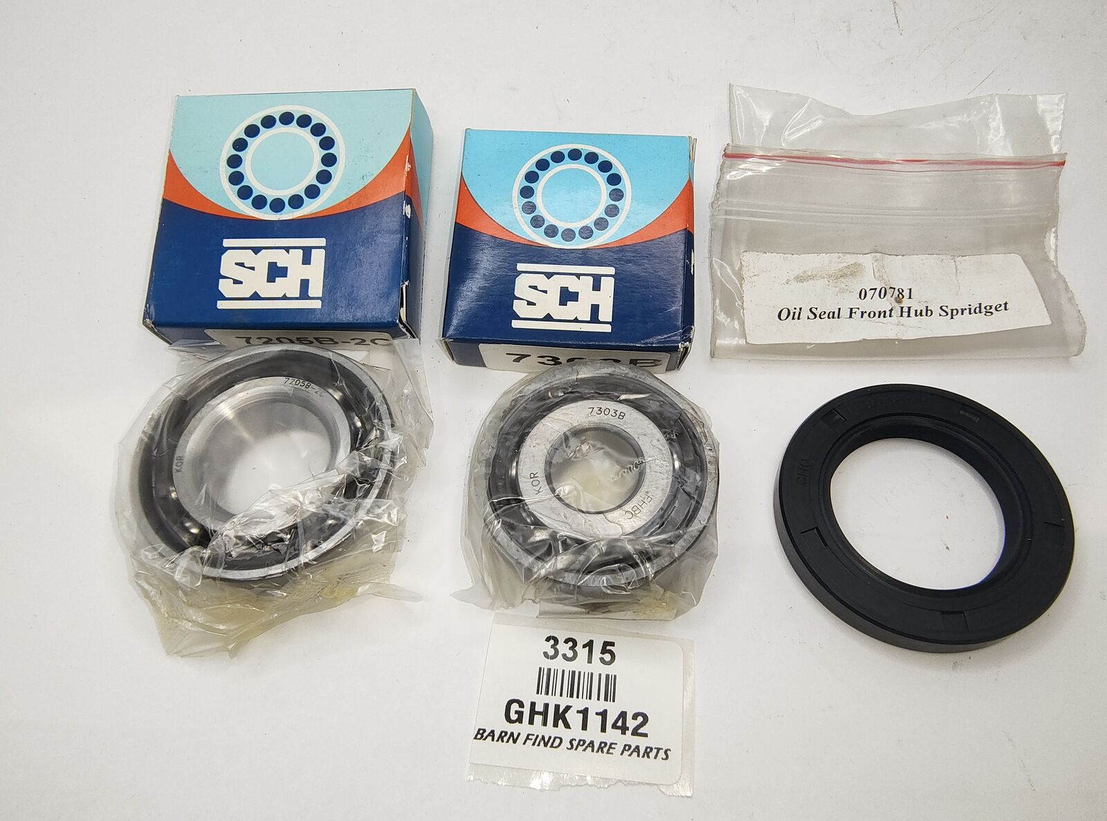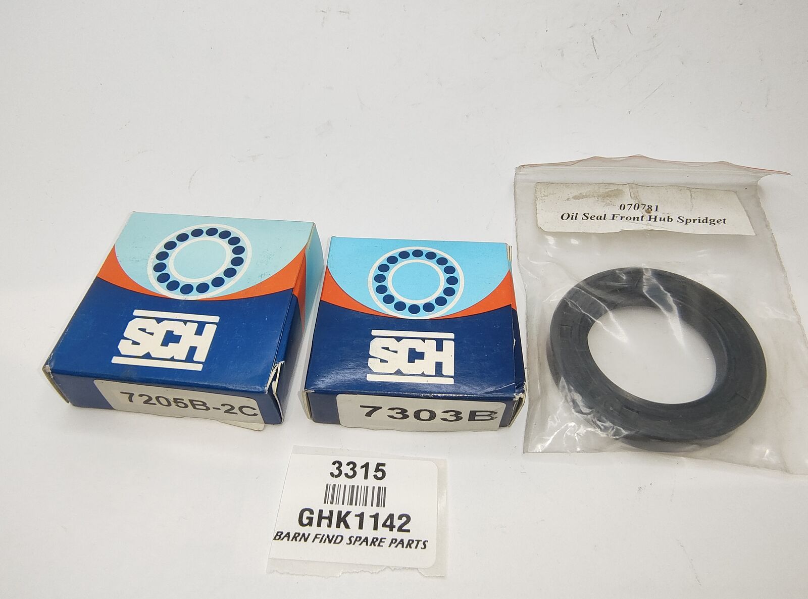Wheel Bearing kit ONE front side New Old Stock GHK1142 includes Outer (7303B) and Inner (7205B-2C) bearings with seal (343573 ) To suit MG Midget Austin Healey Sprite, Morris Minor - Series II and 1000 from approx 1954 onwards, with separate hub/drum. Does not fit early Morris Minor Series MM models with the combined hub/drum.
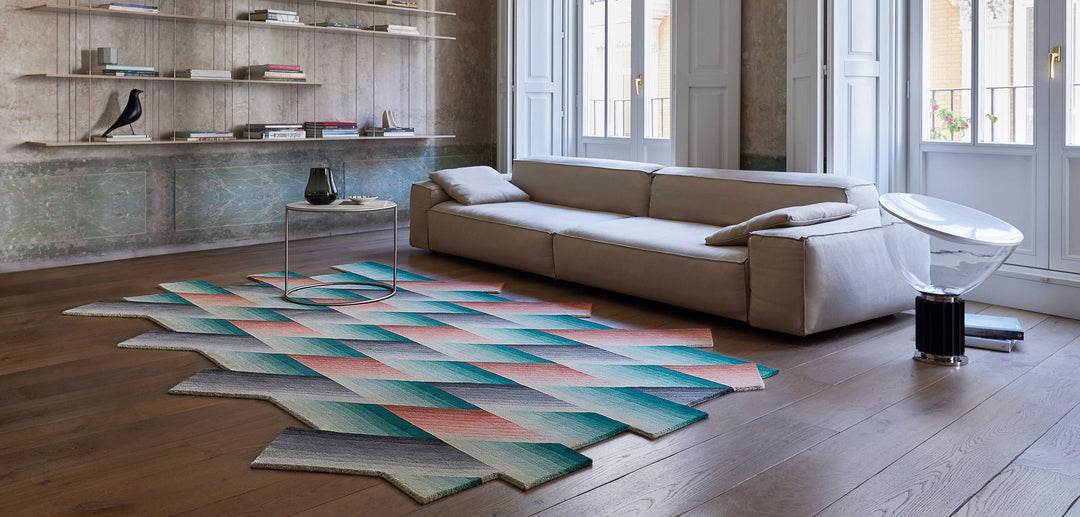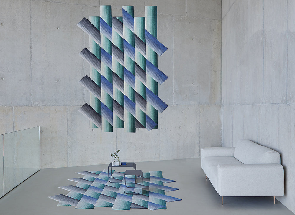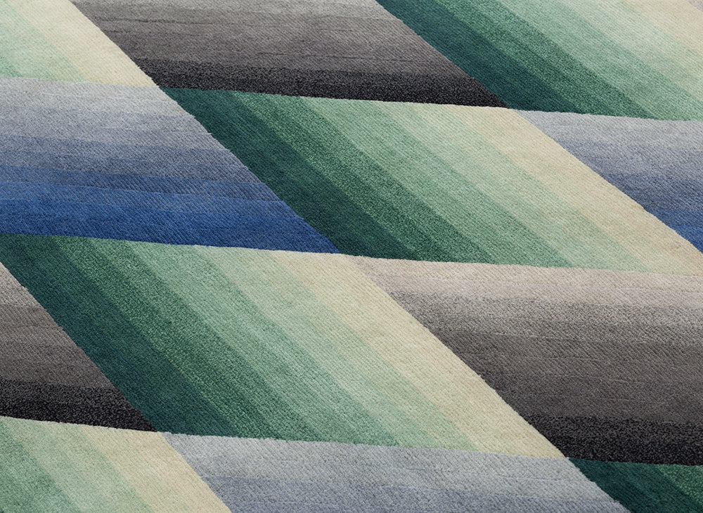 De Mirage is een wollen tapijt dat gekenmerkt wordt door een nieuwe vorm. Gekleurde banen worden met elkaar vervlochten, waardoor onregelmatige randen ontstaan. Het vloerkleed is geïnspireerd door de optische kunst. Het geheel geeft een gevoel van diepte en beweging.
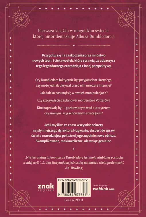 Na pierwszy rzut oka książka zachwyca wydaniem. Czerwona kolorystyka z subtelnymi złotymi napisami i zdobieniami nadaje jej dojrzały wygląd, ale jednocześnie zachowuje nutę magii, co świetnie pasuje do postaci Dumbledore’a. Twarda oprawa sprawia, że książka idealnie komponuje się na półce obok pozostałych tytułów związanych z Harrym Potterem.
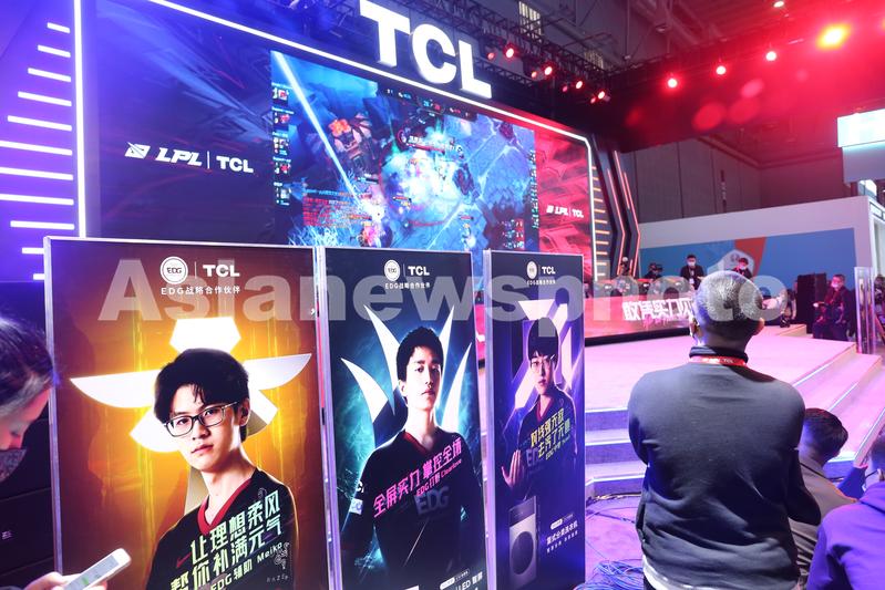 图片说明:2021年3月23日,上海,LPL英雄联盟电竞比赛亮相家电展TCL电子竞技舞台。
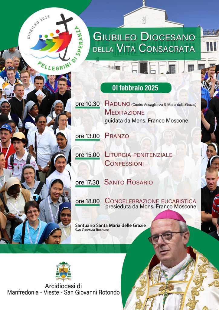 Sabato 1 febbraio 2025 presso il Santuario Santa Maria delle Grazie in San Giovanni Rotondo si terrà nel territorio diocesano il Giubileo della Vita Consacrata.
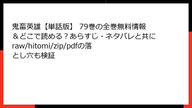 『鬼畜英雄【単話版】79巻』をraw、hitomi、漫画バンクなどの海賊版サイトで読むことは、法的、技術的、倫理的なリスクを伴います。刑事罰や民事訴訟の可能性、マルウェアによるデバイス破損、クリエイターへのダメージは、無料で読むメリットを大きく上回るデメリットです。好きな作品を長く楽しむためにも、正規のプラットフォームで『鬼畜英雄』を応援しましょう。タカミチの新スキル「生気反転」や氷原の民とのドラマチックな展開を、安心して堪能してほしいです!

What the task asks:
A word-for-word copy is needed, starting at the first line of the listing and ending with the line bearing "De Mirage is". No pictures.

Solved problem:
Wheel Bearing kit ONE front side New Old Stock GHK1142 includes Outer (7303B) and Inner (7205B-2C) bearings with seal (343573 ) To suit MG Midget Austin Healey Sprite, Morris Minor - Series II and 1000 from approx 1954 onwards, with separate hub/drum. Does not fit early Morris Minor Series MM models with the combined hub/drum.
 De Mirage is een wollen tapijt dat gekenmerkt wordt door een nieuwe vorm. Gekleurde banen worden met elkaar vervlochten, waardoor onregelmatige randen ontstaan. Het vloerkleed is geïnspireerd door de optische kunst. Het geheel geeft een gevoel van diepte en beweging.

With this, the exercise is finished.